The second section, "This Weekend," is "more aspirational," head of product Joe Zadeh tells The Verge. This is a list of suggested weekend trips to nearby getaways, meant to function like a travel magazine and "inspire trips that wouldn’t have otherwise taken place," he says. The third section takes you directly into all listings.

Adding convenience makes Airbnb more and more hotel-like

The changes put Airbnb in more direct competition with Hotel Tonight, the last-minute booking app that has been growing fast and raised $45 million for global expansion in September. The Airbnb changes weren’t inspired by Hotel Tonight, Zadeh says, but rather by changing expectations. "Less people want to plan far in advance," he says. "I get a car on demand. Why can’t I book a place on demand?"

The last-minute booking feature is actually a return to the past; users were prompted to book something for that night in the first version of the app. However, it was solely based on location and there was no guarantee that the listing would be available.

"It’s one of the most significant things that we’ve done," Zadeh says. "It leverages our core listings, but it’s almost an adjacent market, an adjacent need."

Airbnb started out as a more professional version of the crust punk-y travel site Couchsurfing.com, where you’d show up at someone’s house and crash in their extra room, or couch, or pile of mattresses on the floor. The startup commercialized that idea of person-to-person hosting, sending professional photographers to hosts’ apartments and facilitating payment, and it’s had enormous success.

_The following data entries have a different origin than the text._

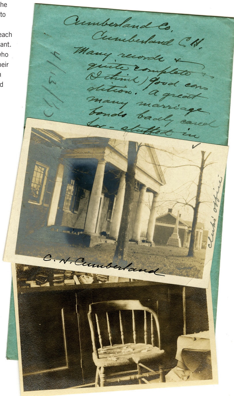
These items are from the Cumberland County Courthouse surveys, circa 1916–1918, and are from the Collection of Materials Concerning County Courthouses, records, and Clerks of Court, 1916–1929, Office of the State Archivist, Library of Virginia.

correspondence or other documentation between their predecessors and the Library of Virginia that they would be willing to share, please contact the CCRP staff at ccrp@lva.virginia.gov . ■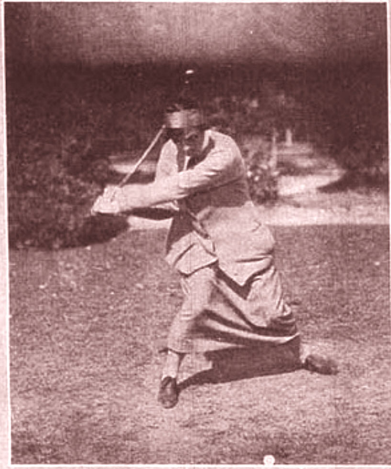
HALF WAY UP

Note the straight left arm and the beginning of the somewhat low crouch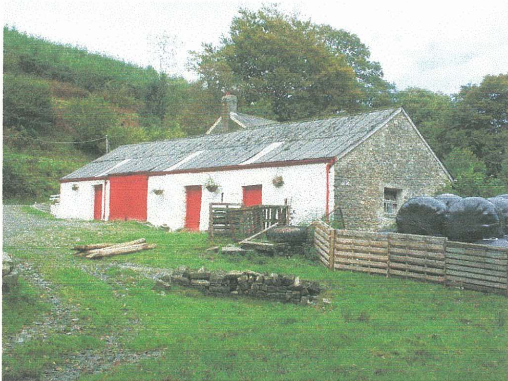
Plate 1 – cow house and cart shed to the north east of the farmyard (PRN 43638)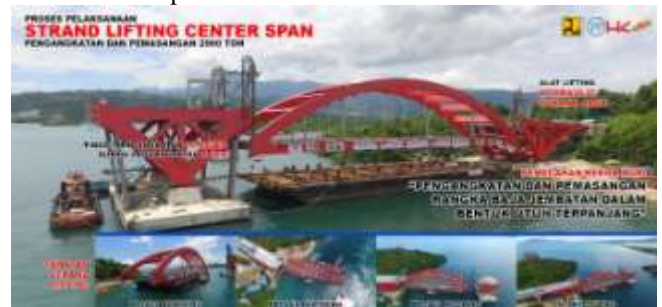
Fig. 2. Center Span Appointment in Jayapura

All innovations that have been planned continue to be finalized and realized with careful planning and calculations, until this innovation is approved by all parties, especially by The Bridge and Tunnel Road Safety Commission (KKJTJ) which oversees the design to the implementation of the Holtekamp bridge. Based on the innovation of delivering a complete frame of 3200 km and lifting a complete frame, this project received 2 Indonesian MURI records (Delivery and Lifting). With the implementation of these innovations, the installation of structural steel is carried out 6 months faster than using the on-site method. So that the Youtefa bridge can be completed earlier than the target set by the government from 2019 to September 2018.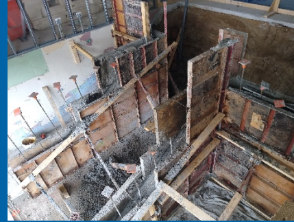
Form and Pour Entry Walls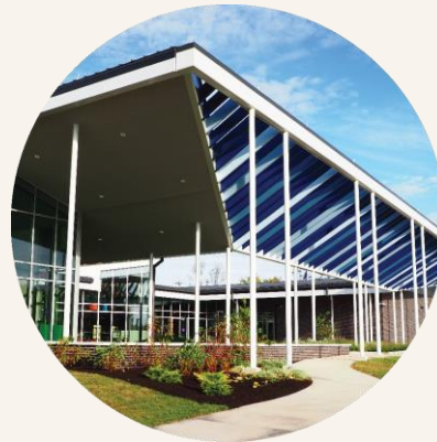
Forest Park Relocation and New Build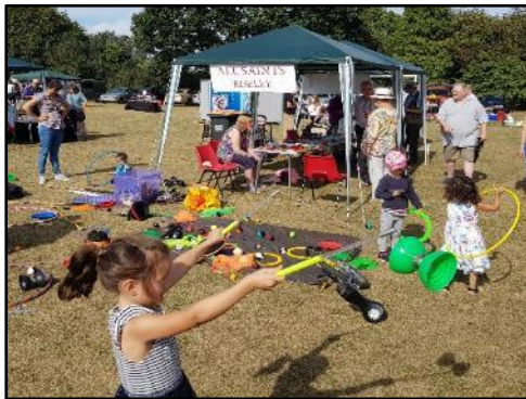
Trying new skills at the Village Show

What an opportunity it is being part of the Riseley Show, especially when it's not raining!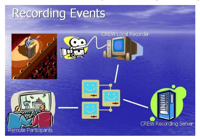
Figure 2. Recording events usage scenario visualization

The first of these activities comprised of user requirements sessions, so-called User Days, which have been held with each of the three user groups. The findings have been compiled within the CREW User Requirements Report (cf. Poschen, 2007). Each event lasted about four hours with 4-5 users participating and included an introduction to the project together with a description of development plans as well as an interactive session to understand users' needs, specific requirements and likely usage scenarios. The intended outcomes of the day were for users to understand what CREW is about and for the development team to understand what users really need. Additionally a questionnaire, devised by the Oxford e-Social Science node<sup>12</sup> considered legal, social and ethical issues that may result from use of CREW was distributed at these events; the analysis is currently under way.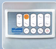
Auxiliary Control on Column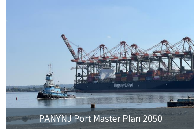
PANYNJ Port Master Plan 2050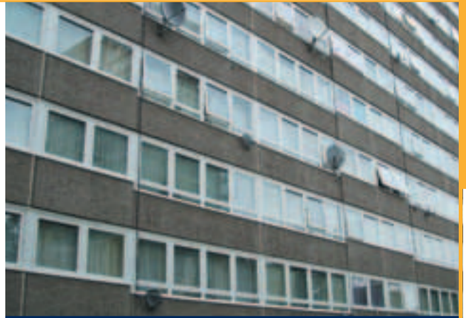
Windows at Fyfield - AFTER

"It’s almost an adjacent market, an adjacent need."

But as the company has grown, guests are demanding more conveniences — like middle-of-the-night booking — that make the experience more hotel-like. That tension between cottage industry and corporatization is playing out right now in New York, where the company says it’s helping ordinary people make a little extra money on the side, while the attorney general says Airbnb hosts are running illegal hotels.

Personality — of the hosts and the listings — is still a major selling point for Airbnb. But as it adapts to consumer demand, it’s looking more and more like the hotels it aims to disrupt. That has implications for its fight to avoid being regulated as a hotel, but it also reflects a more existential question: what’s lost when the sharing economy scales?